I’m still having the nightmares. The memories of them are worse since I have to wake up every two and a half hours to feed my daughter. So I have clear images still bursting in my head as I’m tending to her. Lots of the dreams revolve around Laelie being tortured or starved. The first is a fear in line with her condition, and the second, a fear in line with being a new mom and having the ‘is-she-getting-enough?’ thoughts after each breast feeding. Her weight is showing she’s getting enough and I just have to tell myself that my fear is normal but false.

However, the nightmares where she’s being tortured are more real. They aren’t normal. They aren’t false.
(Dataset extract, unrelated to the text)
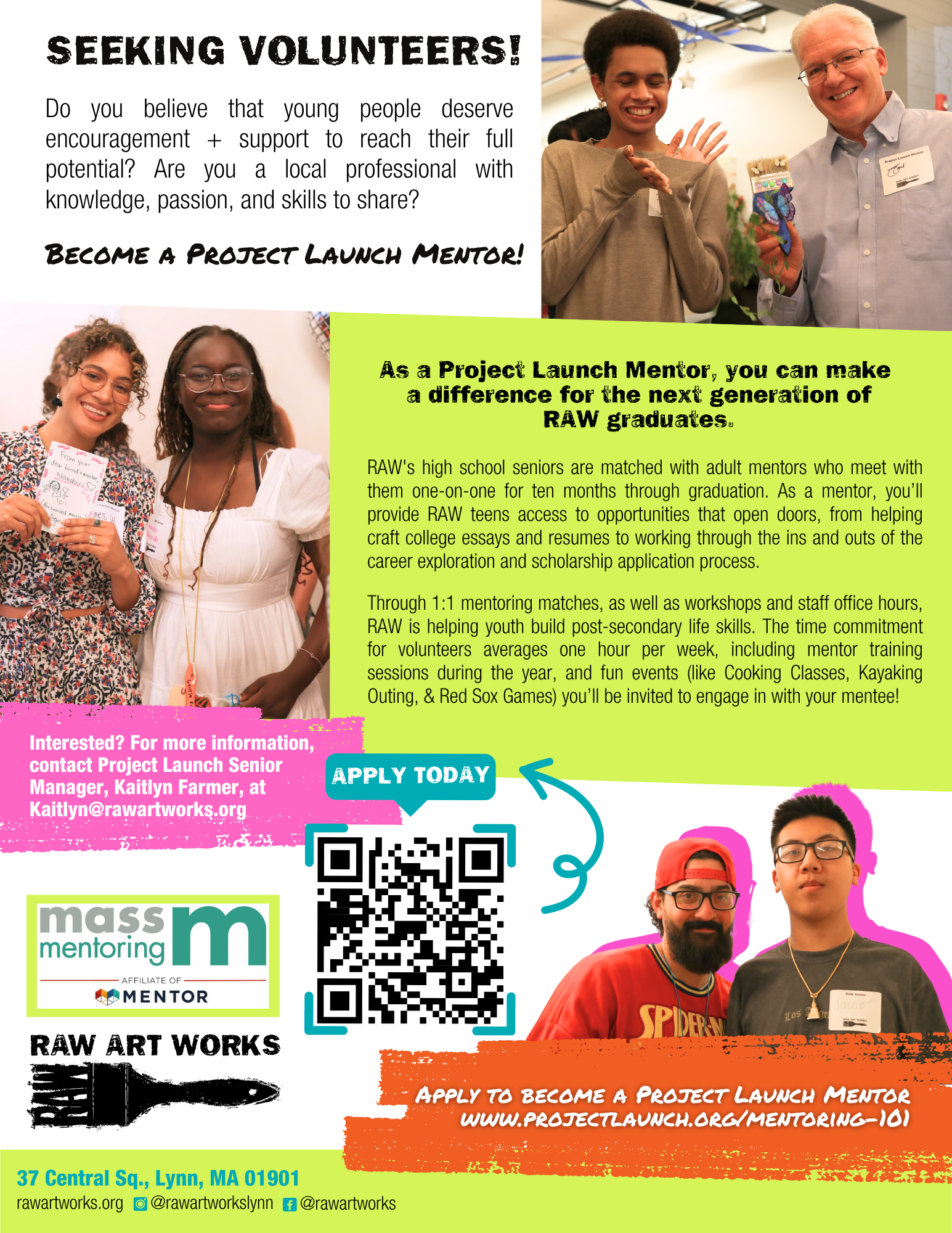 Project Launch provides goal-oriented college access and career exploration programming for high school students. Through 1:1 mentoring matches, as well as workshops and staff office hours, RAW is helping youth build post-secondary life skills. The time commitment for volunteers averages one hour per week, including mentor training sessions during the year, and fun events (like Cooking Classes, Kayaking Outings, & Red Sox Games) you’ll be invited to engage in with your mentee!

That’s her future.

I see the pictures on this site and am reminded of a happy couple anticipating the arrival of their first baby. Psalm 126:3 says, “The Lord has done amazing things for us! What joy!” (NLT) That’s the way I thought I would feel when she came into the world. It feels like the joy got robbed from us. I wonder when I can join the psalmist in his exclamation. Will I be able to before she’s too much older?

Charley still answers the phone saying, “Hi,… Good, how are you?…” and I hate it because we’re so far away from doing “good.” Of course Charley is already moving over this bump in the road so often I’m left alone in my grief. He’s already in a mood to do parenty things like talking about what school she’ll go to and getting her a gmail account (he was so mad when Laelia@gmail.com was not available :)). I’m not there yet. He’s talking about where to go for holidays and going on dates with me again while a babysitter watches her. I’m *definitely* not there yet. I was invited to the Halloween party at work and Thanksgiving dinner at home (in Placerville), but I’m just not ready. Maybe I will want to leave the house someday and be happy to leave my little daughter with a friend, but that day is far away.

My grandfather had a stroke today. They found out later that it was a minor one and are testing him for clues to a major one coming. I admit I panicked at the overwhelming need to drive up there and the impossibility of doing it with a daughter whose car seat was meant for someone with legs that could bend to allow for the belt. I was frightened at the thought of leaving my house with a tiny, breakable child.

I know I need to let her spread her wings and climb trees and explore her world. I can’t be the overprotective beast of a mother who raises a dependent weakling. I keep thinking everything is going to hurt her and everything is painful for her. Charley laughed at me when I freaked out over the thought of her getting a cold. I tried to explain that because she was special, she just shouldn’t have to suffer anything extra like a cold, a bad haircut, a broken heart or growing pains. He told me I can’t deprive her of life just because she’s special. He’s right. I have no respect for that kind of botched parenting.

Charley’s always gentle with me when I go crazy. And he’s always making me laugh. I want my daughter to have a husband like him. I want her to feel attractive.

I have a hard time living from day to day. I am constantly jumping twenty years into the future and then crying my eyes out at the picture I see. Then on the flip side, I keep wishing it was twenty years in the future so my daughter could have already lived through most of the pain. Why can’t I just enjoy my baby? Well if joy comes in the morning I’d better get to bed and wait it out. The rest of my family is asleep on the couch.